**TRY IT**
What is needed is an exact repeat of the lines from the one holding "Magnificent 45 m²" through the final line of the data, with no pictures.

**AVAILABLE DATA**
"""
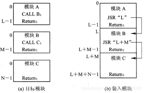 静态链接方式。在装入之前就将所有的目标模块和需要的库文件链接成为一个完整的装入模块(可执行文件.exe),以后不再拆开。每个目标模块都采用的是逻辑地址,即起始地址均为0,因此链接过程中需要做以下修改:对相对地址(程序或指令地址、数据地址)进行修改;对外部调用符号进行修改,如CALLB,表示调用模块B(目标文件B),改为JSR“L”,L为B的首地址。如下:
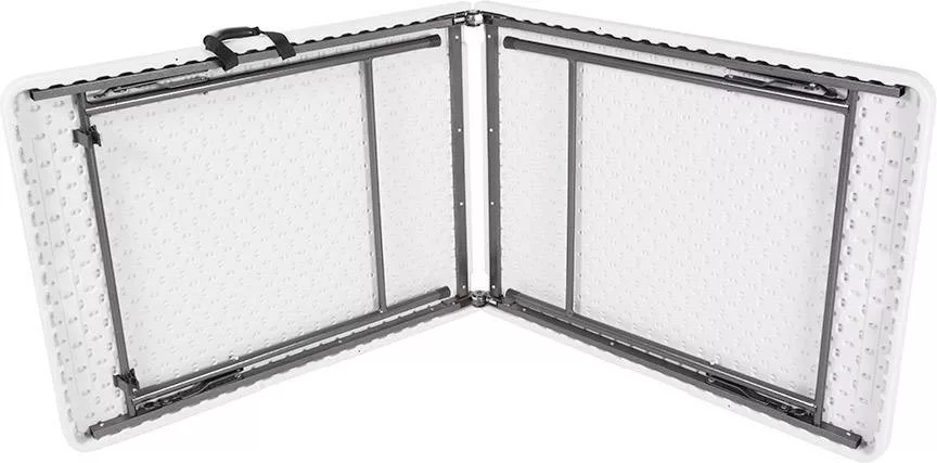 Praktikus összecsukható asztal különféle célokra, például kempingezéshez, kerthez, rendezvényekhez, építkezéshez A polietilén asztal felülete érzéketlen a dudorokra, karcolásokra, foltokra és kopásra.
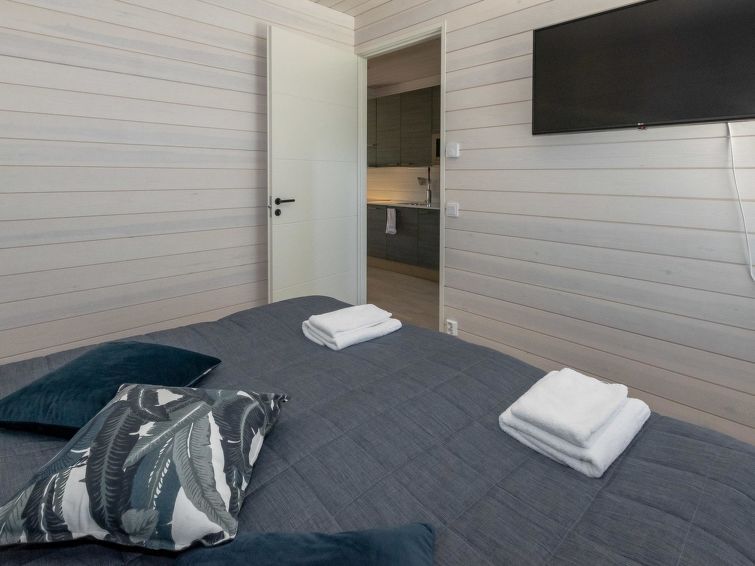 Magnificent 45 m² holiday apartment, built in May 2019. Living room with sofa bed (140 cm wide) for two, living room/kitchen, bedroom with two 90 cm wide beds, electric sauna, shower, toilet in the washroom, air source heat pump (for cooling), high-speed wired internet connection.
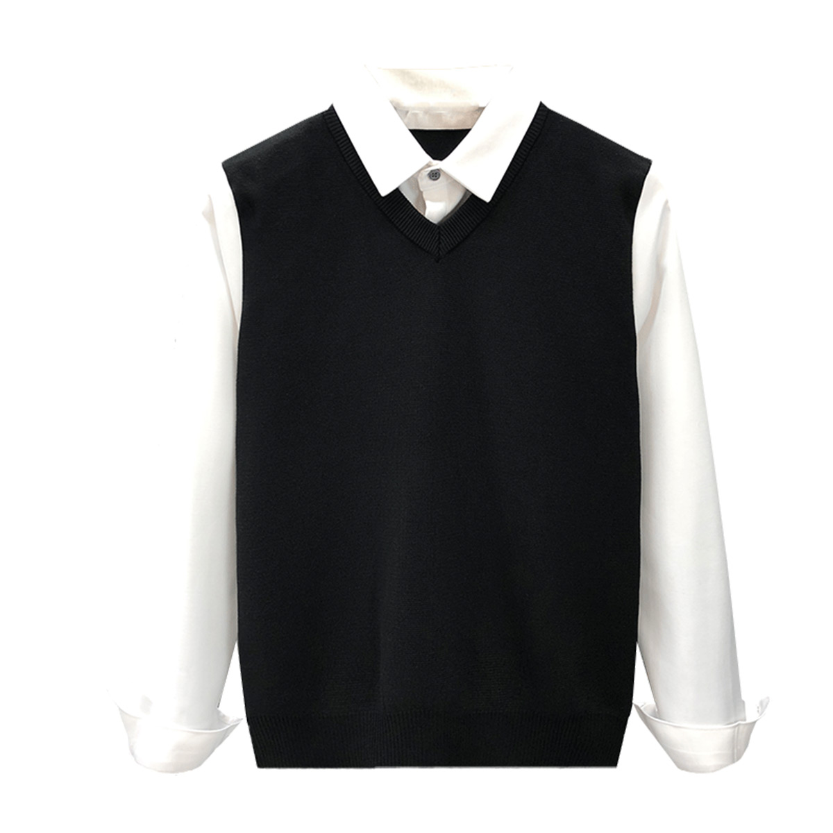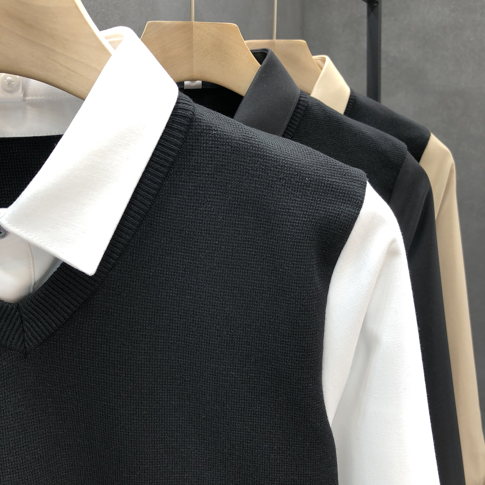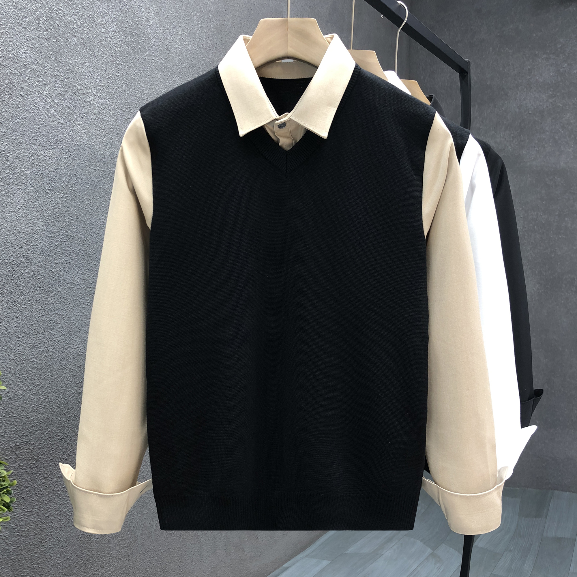 高端衬衫领假两件毛衣男秋冬季
"""
**WRITTEN REPLY**
 Magnificent 45 m² holiday apartment, built in May 2019. Living room with sofa bed (140 cm wide) for two, living room/kitchen, bedroom with two 90 cm wide beds, electric sauna, shower, toilet in the washroom, air source heat pump (for cooling), high-speed wired internet connection.
 高端衬衫领假两件毛衣男秋冬季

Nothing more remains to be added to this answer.